しかし、軍師は西方、国王も王都にいる。しかも先の戦の衝撃もまだ残っている。まだほとんどなにもわからない状態では、兵を動かす許可を求めることさえはばかられた。
「だが、部下たちの疲労も、そろそろヤバい。司龍、青山に知らせてくれ」
「青山かぁ……」
青山は、言わずと知れた騎龍たちの聖地である。騎龍のほかに、方術を会得した神官や巫たちも多くいる。この不可解な怪異に対するには、彼らの助けを借りるのがよいのかもしれない。
「青山は、国防に関与しないのが原則だけど……わかった。ボクがなんとかしてみよう。剛鋭サンは、王都と登紀叔母様に知らせて」
「ああ」
二人の高官は、急いで書簡を書く用意をさせ、筆を走らせた。しっかり封をし、それが重要なものであることを示す。
「おい、誰か玉髄を呼んでこい」
呼ばれて参上した玉髄は、必死に立っている様子だった。多少は武の心得があるといっても、軍人として鍛えているわけではない。当然、ここ数日で溜まった疲労は誰よりも濃い。顔色がかなり芳しくない。
「玉髄、手前は今日はもう休み、明日、王都に戻れ」
「なぜ……です?」
剛鋭は、しっかりと封のされた書簡を一通取りだした。
「こいつを、我が君に渡してほしい。王都についたらすぐに、だ」
国王に渡す書簡――緊急の用件であることは、容易に想像できた。しかも国王侍従である玉髄ならば、人を使って取り次ぐなどと余計なことをせず、国王に直接、書簡を渡すことができる。

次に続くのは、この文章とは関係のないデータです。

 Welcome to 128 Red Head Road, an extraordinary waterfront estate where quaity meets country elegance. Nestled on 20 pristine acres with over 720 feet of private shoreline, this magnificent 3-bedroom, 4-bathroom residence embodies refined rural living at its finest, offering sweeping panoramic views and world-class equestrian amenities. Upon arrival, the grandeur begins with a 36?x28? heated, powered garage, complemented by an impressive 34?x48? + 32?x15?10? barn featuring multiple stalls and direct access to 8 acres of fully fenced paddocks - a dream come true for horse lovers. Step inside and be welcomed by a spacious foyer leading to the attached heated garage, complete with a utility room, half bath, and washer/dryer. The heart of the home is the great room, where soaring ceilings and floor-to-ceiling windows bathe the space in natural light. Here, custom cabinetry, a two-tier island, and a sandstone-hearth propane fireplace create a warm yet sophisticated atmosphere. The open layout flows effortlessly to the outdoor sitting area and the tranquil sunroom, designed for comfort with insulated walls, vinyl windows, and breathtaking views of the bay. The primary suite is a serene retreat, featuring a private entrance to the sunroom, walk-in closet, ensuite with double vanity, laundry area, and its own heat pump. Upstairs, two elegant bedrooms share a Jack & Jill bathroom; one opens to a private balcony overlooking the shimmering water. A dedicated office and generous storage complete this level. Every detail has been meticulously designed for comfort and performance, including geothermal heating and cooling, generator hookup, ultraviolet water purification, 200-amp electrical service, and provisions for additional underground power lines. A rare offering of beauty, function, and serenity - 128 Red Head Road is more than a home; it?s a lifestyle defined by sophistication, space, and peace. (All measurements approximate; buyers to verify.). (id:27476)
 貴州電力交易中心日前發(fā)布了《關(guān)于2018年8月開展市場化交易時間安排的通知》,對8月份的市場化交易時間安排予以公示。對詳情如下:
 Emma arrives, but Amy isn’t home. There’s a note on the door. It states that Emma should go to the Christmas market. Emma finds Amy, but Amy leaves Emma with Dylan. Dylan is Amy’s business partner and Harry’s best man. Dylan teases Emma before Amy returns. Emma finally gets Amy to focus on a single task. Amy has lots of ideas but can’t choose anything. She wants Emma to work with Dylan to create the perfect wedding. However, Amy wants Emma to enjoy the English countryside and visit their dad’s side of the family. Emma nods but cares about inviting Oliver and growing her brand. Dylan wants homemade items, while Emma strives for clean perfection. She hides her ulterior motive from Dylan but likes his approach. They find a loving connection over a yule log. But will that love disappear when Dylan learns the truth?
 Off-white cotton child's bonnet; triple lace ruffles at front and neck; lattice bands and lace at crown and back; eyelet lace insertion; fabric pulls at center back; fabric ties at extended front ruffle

かなり急ぎのものなのだろう。
「軍師にも、別に使いを出す。手前は、この書簡をしっかり守れ」
「わかりました」
玉髄はその日、死んだように眠り――そして翌日、出立した。「急げ」とも言われたので、夜を昼に継いで、王都に向かった。早舟や馬を乗り継ぐその強行軍に、またかなり消耗することになるのだった。

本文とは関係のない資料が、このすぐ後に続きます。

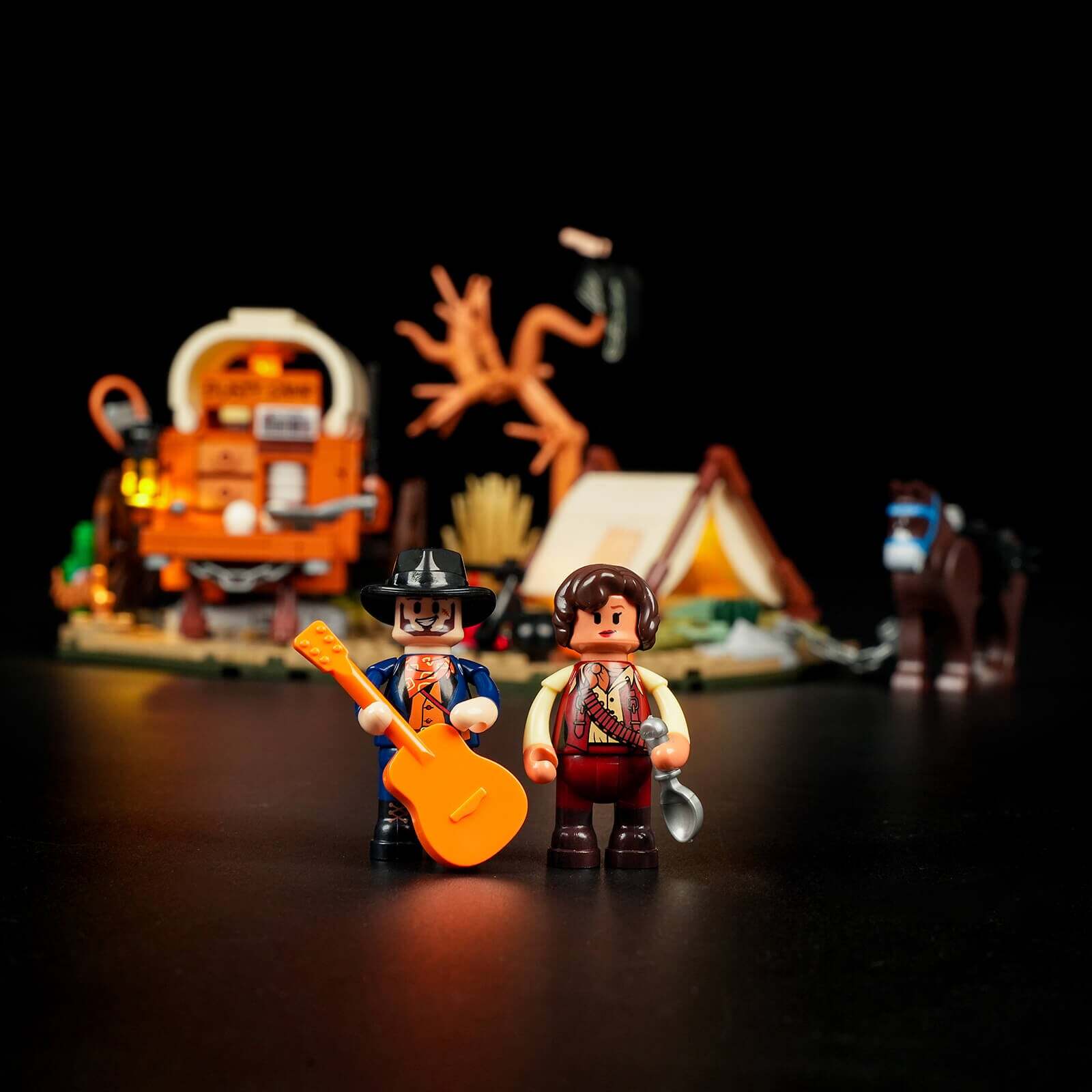 [Restore The 20Th Century Western Cowboy Camp]Cowboy Camp Is A Common Scene In The West, The Set Restores The Four Scenes Of Cooking Car, Campfire Cooking, Tent And Dead Tree.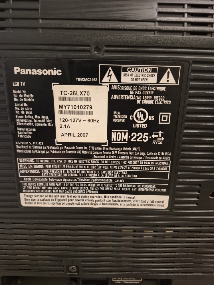 Selling a 2007 Viera Panasonic 28 inch LCD Flat-Screen TV, it is in great condition and comes with a remote with AA batteries included!! All functional and waiting for a new home and room!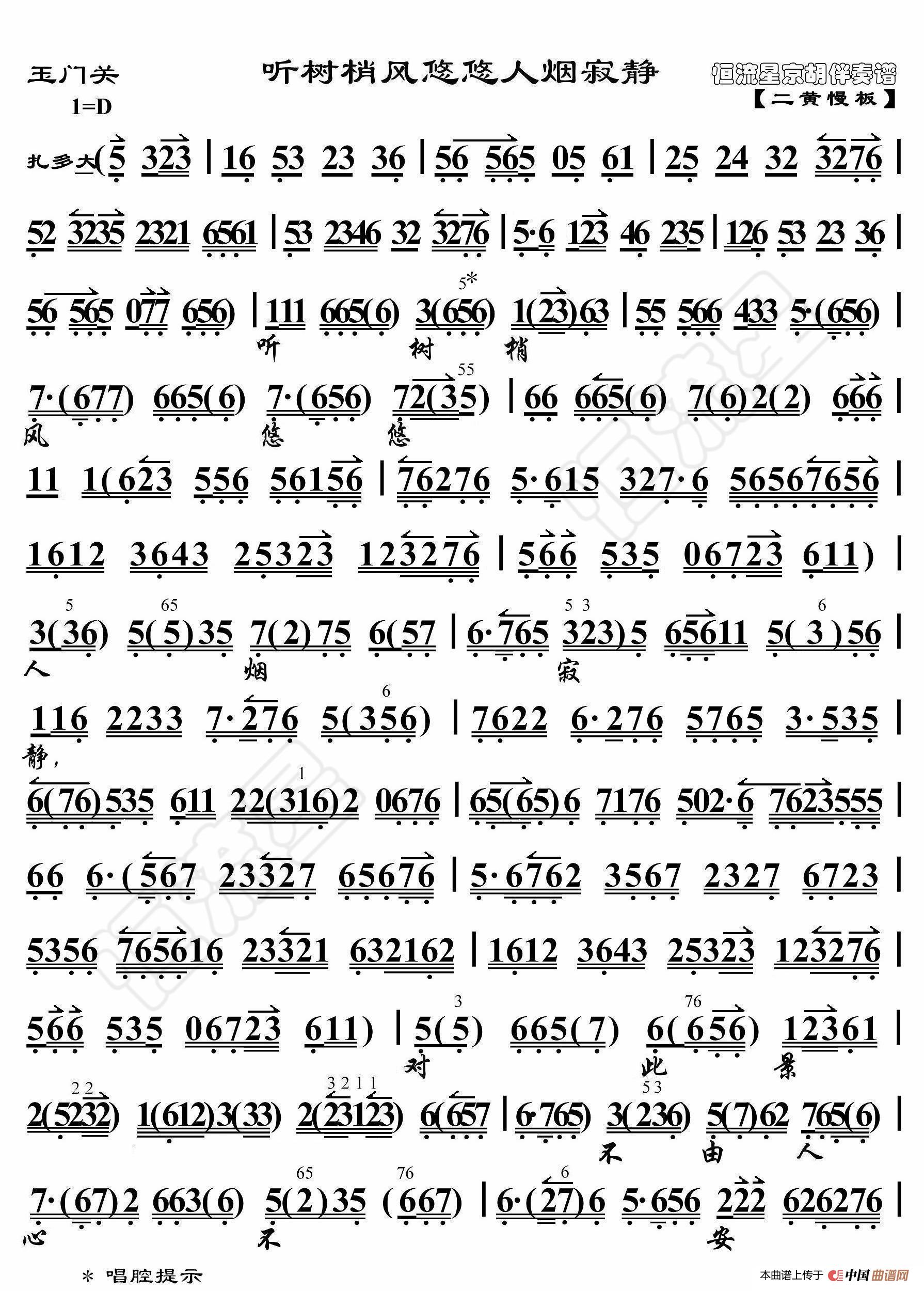 玉门关·听树梢风悠悠人烟寂静(京胡伴奏谱)

王都に到着するなり、玉髄は参内し、晃耀に書簡を奉った。晃耀はそれに目を通すと、すぐさま王都に残っていた将軍らを呼び寄せ、相談を始めた。彼らが知るべき事項はすべて書簡に記されていたらしく、玉髄は一足先に、屋敷に帰ることを許された。
「やっと……帰ってこれた……」
屋敷に到着した時、外はすでに夕暮れに沈んでいた。主人の帰宅に、家人たちが喜んだのは言うまでもない。彼らのあたたかい出迎えに、玉髄は思わず涙ぐんでしまった。
「今日は……もう寝よう」
部屋の中には、すでに夜が侵入している。夕餉もそこそこに、疲れ切った表情で、玉髄は寝台に突っ伏した。すぐに睡魔が襲ってくる。もう、しばらくは起きたくない。
その時。
コン、と窓の格子を叩く音がした。
「!?」
玉髄は飛び起きた。そして、窓を開けて――。
「や」
その瞬間、玉髄は思いっきり前につんのめった。
茜色の光に照らされた庭にいたのは、青玉。蟠大湖の兵舎で、幽閉されていたはずの彼女が、にこにこと笑って立っている。
「ど、ど、どうしてここに……!」
「ふふ、応龍の気配は、よくわかるわ」
「応……?」
「あなたに与えた、翼のある龍よ。応龍と言うの。前にも言ったでしょう?」
玉髄は混乱したい気持ちをグッと抑え、頭の中で状況を整理する。
彼女がいた蟠大湖から王都までは、数日はかかる。いまごろあちらでは、青玉がいなくなったことが露見して大騒ぎになっているだろう。
その少女はいったい何をどうしたか、城壁に囲まれ城門を経ねば入れぬ王都の中に入り込んでいる。
「わたしは、応龍の龍師よ。あなたのそばにいるのが、いちばんいい」
玉髄にはすでにわかっていた。どう説得しようと、この少女は折れないだろう。自分のそばから離れないに決まっている。
ならば、ここは追い払うよりも――。
「わかった! もう腹をくくった! 青玉、お客としてもてなすから、僕の屋敷でおとなしくしてて!」
「ありがとう、玉髄」
こうして、ふたりの奇妙な生活が始まった。